Paling anyar, menggandeng Forum Warta Pena, P2MI menggelar program edukasi bertajuk “Gizi Seimbang dari Bahan Tambahan Pangan Halal”. Program edukasi tersebut dihadiri oleh berbagai media nasional di Jakarta. Pada kesempatan itu, turut dihadirkan para pakar. Di antaranya. Prof. Dr. Ir. Hardinsyah M.S., selaku pakar gizi IPB yang juga Rektor Universitas Sahid Jakarta, Tetty R. Sihombing selaku pelaksana tugas (Plt) Deputi Bidang Pengawasan Pangan Olahan BPOM RI, dan M. Fachrurozy, Ketua Persatuan Pabrik Monosodium Glutamate dan Glutamic Acid Indonesia.
Dipaparkan Prof. Hardinsyah, munculnya anggapan tentang bahaya MSG bagi kesehatan pertama kali dikemukakan oleh Dr. Ho Man Kwok, setelah berkirim surat ke New England Journal of Medicine pada tahun 1988. Dalam suratnya, dia menceritakan kemungkinan penyebab gejala yang dia alami setiap kali makan di restoran Cina di Amerika Serikat. Belakangan gejala itu dikenal dengan istilah ‘Sindrom Restoran China’.
Namun, menurutnya, MSG atau oleh masyarakat Indonesia dikenal dengan nama vetsin, sama sekali tidak berbahaya bagi kesehatan manusia. Apa yang dirasakan oleh Ho Man Kwok merupakan reaksi dari tubuhnya yang alergi dengan bahan yang terkandung dalam zat glutamate tersebut. "Berdasarkan sebuah penelitian memang ditemukan ada sebagian orang merasa alergi dengan MSG," tegas Prof. Hardinsyah.

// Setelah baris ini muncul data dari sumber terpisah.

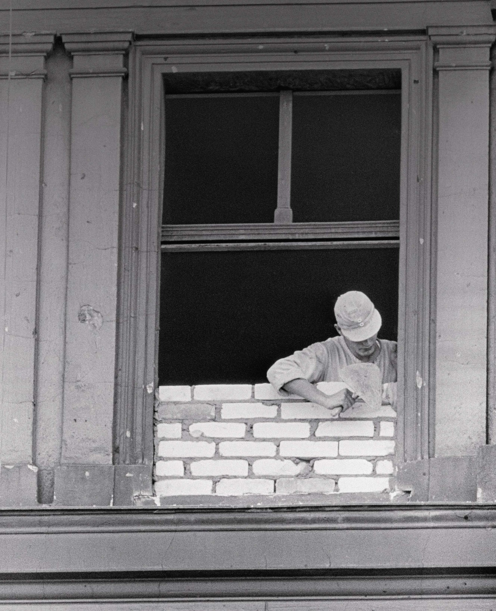 Восточноберлинский рабочий заделывает окно, выходящее на Западный Берлин

Ditambahkan Tetty, dalam lima tahun terakhir, BPOM RI sudah mengeluarkan 153 nomor izin edar untuk kategori produk penguat rasa (MSG). “Dari angka itu. 139 adalah produk dalam negeri dan 14 adalah produk impor.”

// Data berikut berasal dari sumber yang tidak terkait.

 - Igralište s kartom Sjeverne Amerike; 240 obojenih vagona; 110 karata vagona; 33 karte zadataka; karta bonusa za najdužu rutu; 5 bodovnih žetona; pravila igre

Lebih lanjut ia menegaskan, saat ini tantangan perusahaan yang memproduksi produk penguat rasa adalah bagaimana menempatkan posisi MSG dengan baik, termasuk mensosialisasikan bahwa MSG aman dan tidak berbahaya. “BPOM juga memberikan kemudahan bagi masyarakat untuk mengecek kemanan produk yang mereka konsumsi melalui aplikasi Ayo Cek BTP (Bahan Tambahan Pangan),” ujar Tetty.
Memanfaatkan momen “Hari Keamanan Pangan dunia” yang jatuh setiap tanggal 7 Juni, BPOM juga menggelar sejumlah program, di antaranya games tentang keamanan pangan, sosialisasi kepada media dan masyarakat, serta aktivasi merek di sejumlah daerah pada momen Car Free Day. “Objektif dari program ini adalah meningkatkan kesadaran masyarakat akan keamanan pangan,” tutupnya.
Dalam kesempatan yang sama, Prof. Hardi juga membantah isu yang mengatakan MSG jika dikonsumsi anak-anak akan menurunkan intelegensia mereka. tidak bukti bahwa asupan MSG menganggu otak, karena kecerdasan ditentukan oleh sel otak,” tandasnya.
Dia juga membantah jika ada yang menyatakan konsumsi MSG di Jepang rendah. “Negara yang banyak mengonsumsi MSG di dunia adalah Jepang dan China. Butkinya dua negara itu paling banyak membuat inovasi di Asia, kalau masyarakatnya bodoh tidak mungkin mampu berinovasi. Ini sederhananya,” kilahnya.
Pendapat senada disampaikan Ketua Persatuan Pabrik MSG & GA Indonesia (P2MI) M. Fachrurozy. Katanya keliru jika ada yang menyatakan konsumsi MSG di Jepang rendah, karena justru MSG ditemukan pertama kali di Jepang. “Ajinomoto sudah 110 tahun memproduksi bumbu masakan, salah satunya MSG. Dan Ajinomoto Indonesia melakukan ekspor ke Jepang, karena mereka sudah tidak memproduksi MSG,” jelas dia.
Fachrurozy menambahkan, Bahan Tambahan Pangan (BTP) seperti, MSG atau vetsin di industri pangan diatur dengan ketat dan baik oleh BPOM dengan kaidah penggunaan batas maksimum. Sebagai contoh MSG, merupakan BTP yang berfungsi untuk menguatkan rasa UMAMI atau gurih.